Target Black Couples in Insurance Ads

In the past there seem to have been commercials with black people in them, but that were targeted at a white consumer. Lately, there have been more commercials featuring black people who are actually targeting a black consumer. Many of these commercials are for some type of insurance and usually feature a funny narrative around the black working class couple. This couple is characteristically made up of one black male and one black female. The humor comes the recognizable tension between the black man who has made some type of mistake and the black woman who scolds him for not knowing better like she does.
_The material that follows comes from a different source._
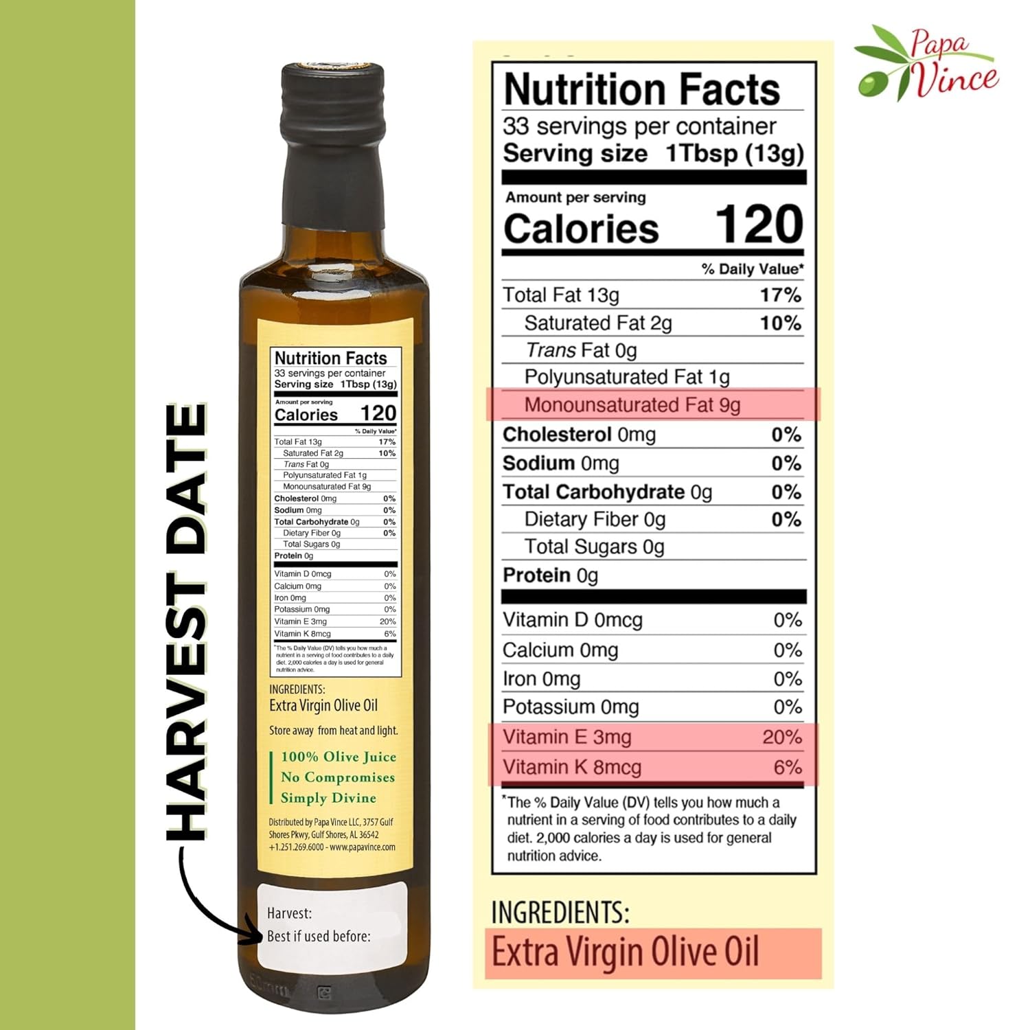 Papa Vince Olive Oil Gourmet Gift - Dipping Olive Oil, First Cold Pressed, Extra Virgin, Premium Harvest, Peppery finish, Bread Dipping Olive oil. Great for Drinking and Drizzling. Family-owned, Sicily Italy

By portraying the black couple, these car insurance ads put black people in the domestic and personal sphere. Rather than showing them individually or together as a supportive unit, they are shown together in contrast to each other. As we see in this first advertisement for Esurance, the black elderly man is trying to give some advice while the elderly black woman is beside him shaking her head.

 Although the black man in this insurance commercial was portrayed as being right in choosing the right insurance, other insurance commercials featuring black couples push the black male into the position of “loser”. Loser is a term used in “The Male Consumer as Loser” by Michael Messner and Jeffrey Montez de Oca. The “losers” are men who are “always on the cusp of being publicly humiliated” (Messner and Montez de Oca 1887). In this second ad, we see the husband figure being positioned as the dumb loser who has let the power of Progressive insurance go to his head.

The husband in this clip seems to be publicly humiliating himself by believing he can juggle chainsaws, while his wife takes on the role of the smarter individual in the couple. Although this positions the wife in a powerful role of knowing better than her husband, it also places her in the role of “bitch”. The “bitch” is a woman, usually a wife or a girlfriend, who is there to undermine individual men’s freedom” (Messner and Montez de Oca 1887). The black woman who approaches Flo comes off as a little aggressive, has a little attitude, and then goes on to spoil her husbands fun by not supporting him in juggling chainsaws.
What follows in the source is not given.